Prove that every nonempty finite set has a maximum.

Question

how do I prove that every nonempty finite set has a maximum. I know how to explain this by words but didn't know how to put it into mathematical form. I found a way to prove this by induction in MathExchange but it was so complicated.

Answer 1

Here is a proof by contradiction.

Pick $x_1$. If the last picked element is $x_i$, then either $x_i$ is a maximum or you can pick $x_{i+1}\gt x_i$. If the process terminates you have found a maximum.

Suppose there are $n$ elements in the set, and the process does not terminate. $\{x_1, \dots x_{n+1}\}$ must have two equal elements. Since the elements are distinct (because of the order), this is impossible. Hence the process terminates with a maximum.

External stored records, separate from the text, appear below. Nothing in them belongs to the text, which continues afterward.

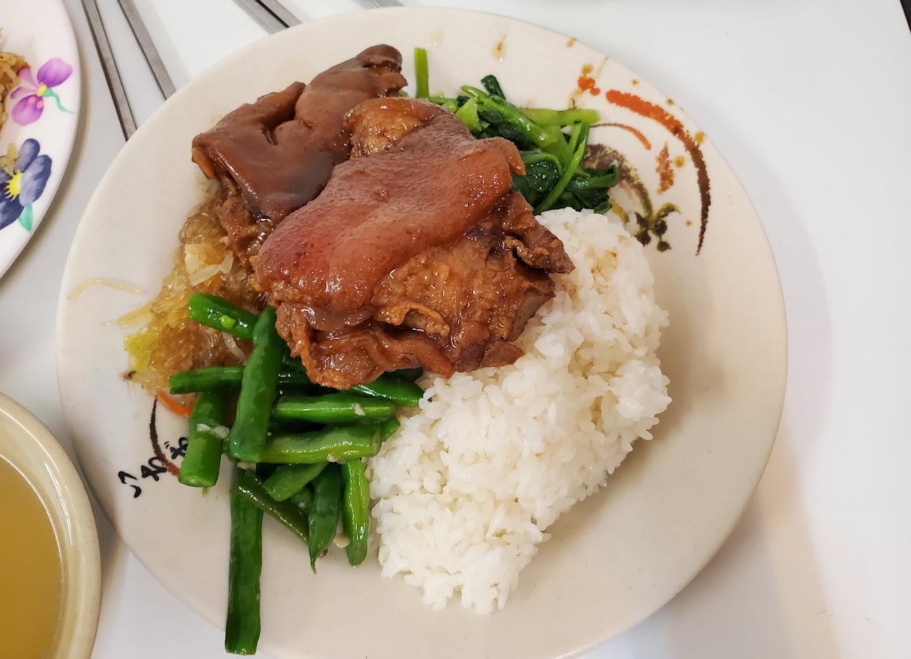 已吃飽看到隔壁的客人吃豬腳飯,我又打包一個便當回家吃。
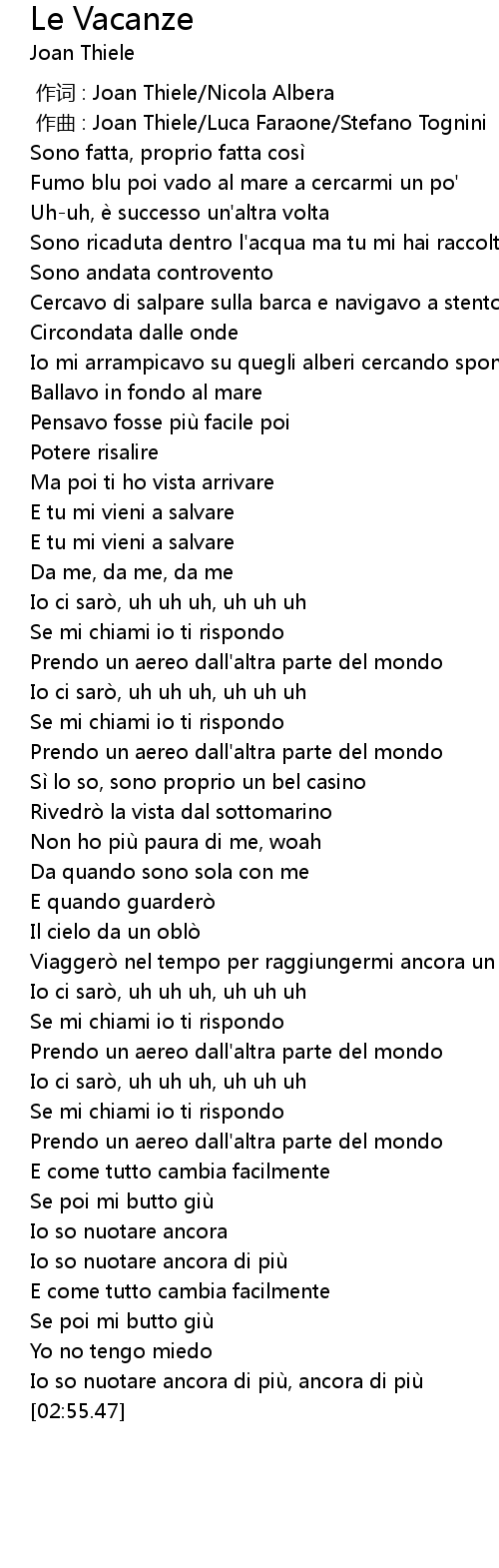 | [00:00.00] | 作词 : Joan Thiele/Nicola Albera |
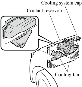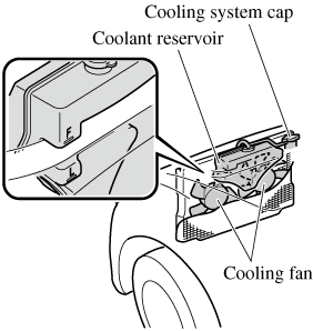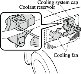 If the cooling fan does not operate while the engine is running, the engine temperature will increase. Stop the engine and call an Authorized Mazda Dealer.
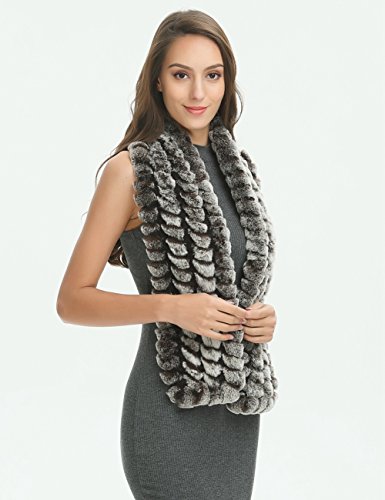 Ferand - Sciarpa Lunga Caldo Leggera in Vera Pelliccia di Coniglio Rex per Inverno - Donna
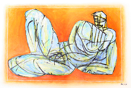 In my paintings the archaic figure of Pan stands for life on earth in accord with an intact nature. That’s why I have portrayed him in the light colours of clear water, clean air and springing up plants. Cheerfully and relaxed, he rests on the warm and fertile ground playing his pipes. He is surrounded by an inconspicuous silvery grey rectangle.
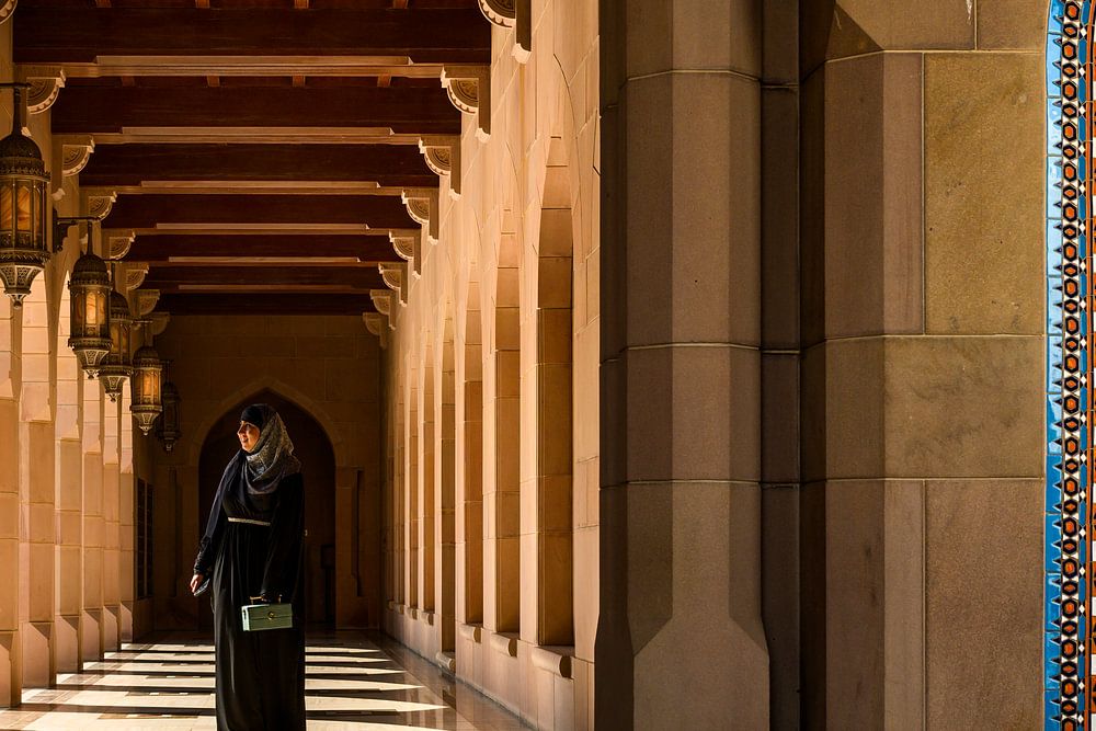 femme à la grande mosquée du sultan Qaboos à Mascate par Paula Romein
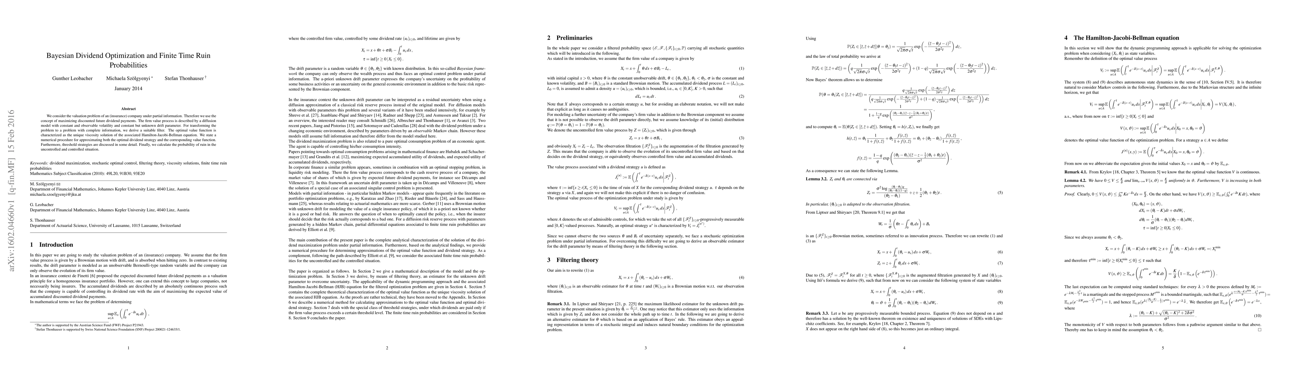 We consider the valuation problem of an (insurance) company under partial information. Therefore we use the concept of maximizing discounted future dividend payments. The firm value process is described by a diffusion model with constant and observable volatility and constant but unknown drift parameter. For transforming the problem to a problem with complete information, we derive a suitable filter. The optimal value function is characterized as the unique viscosity solution of the associated Hamilton-Jacobi-Bellman equation. We state a numerical procedure for approximating both the optimal dividend strategy and the corresponding value function. Furthermore, threshold strategies are discussed in some detail. Finally, we calculate the probability of ruin in the uncontrolled and controlled situation.
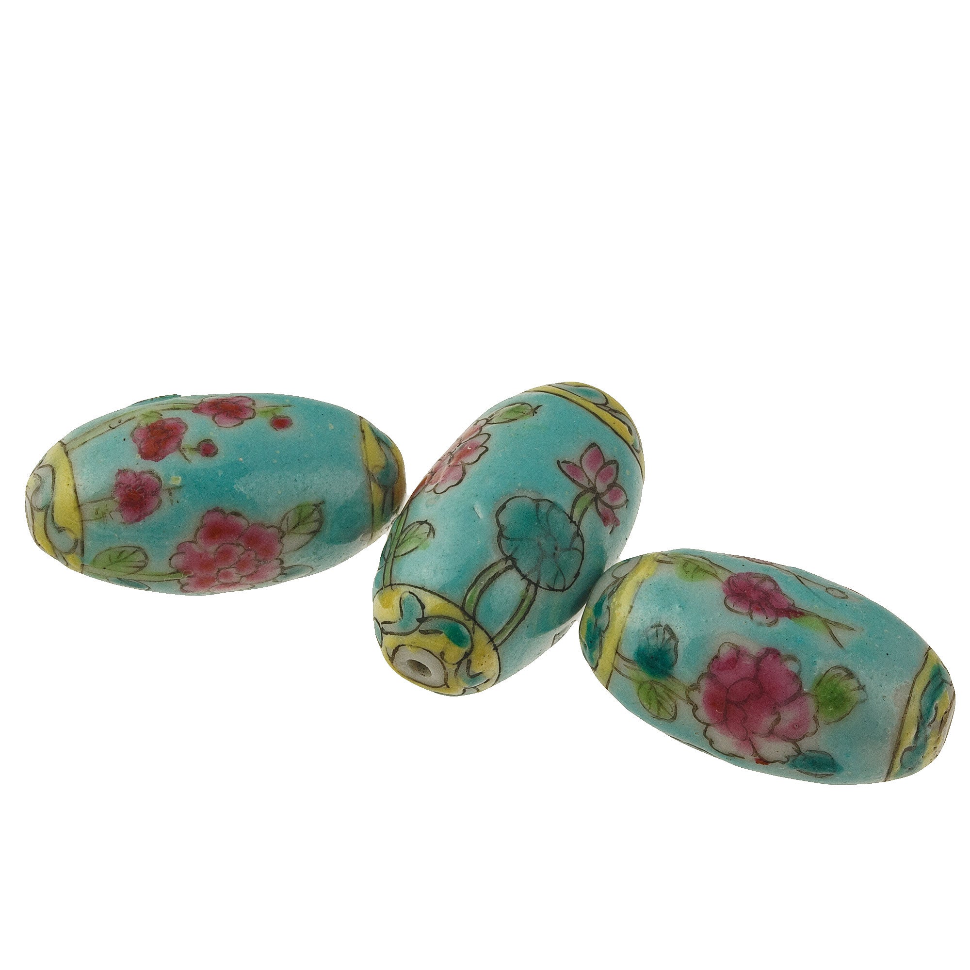Vintage Chinese hand-painted oval porcelain beads. These are gorgeous, pale blue with pink and green flowers and leaves. average size 25x14mm. Package of 2.
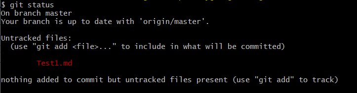 当在文件中新建一个Test1.md文件的时候,此时再使用git status命令,将会看到一个新的未跟踪的文件:
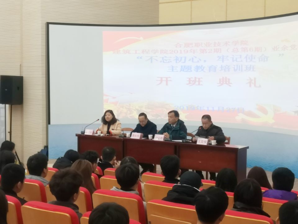 11月27日下午3点,我院第6期业余党校“不忘初心 牢记使命”主题培训班开班典礼在学校图书馆2楼报告厅举行。学院党总支班子成员、各入党介绍人及88名入党积极分子参加了本期培训班,典礼由施芳芳同志主持。
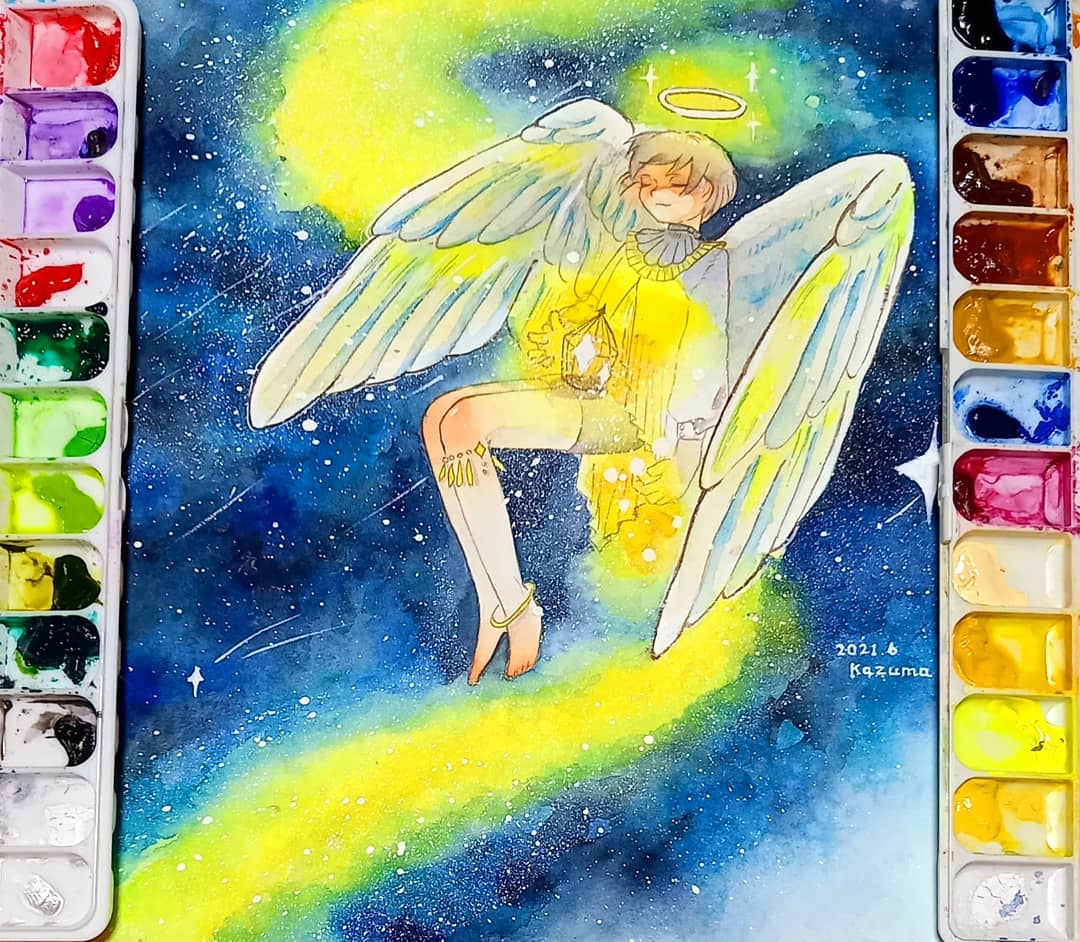 イチマツさんのタグ企画 #一次創作絵師拡散フェス03 に参加します 透明水彩が好きでキラキラしたものを描けるように頑張っている絵描きです✨ お気に入りのキラキラした作品をみてほしいです🖌️

This uses the pigeonhole principle - a fact about maps between finite sets.

Answer 2

This is really a statement about order.

You have some finite set $S$ and a total order $\le$ (that is, for any $x,y \in S$, either $x \le y $ or $y \le x$).

Given a non-empty finite set $S$, we say that $m$ is a maximum of $S$ iff $m \in S$ and for all $x \in S$, we have $x \le m$.

Induction is straightforward. Suppose $S$ is a non-empty, finite set.

The proposition is that for all sets of size $|S| \le n$ that a maximum of $S$ exists.

For $n=1$, just choose the element of the set.

Suppose the statement is true for $n$, and let $S$ be a set with $|S| = n+1$. Choose $x \in S$ and form $S' = S \setminus \{x\}$. By assumption, $S'$ has a maximum $m'$. If $x \le m'$, then let $m=m'$, otherwise if $m' \le x$ and $m' \neq x$, let $m = x$. Then we have $m \in S$ and $x \le m$ for all $x \in S$, hence $m$ is a maximum of $S$.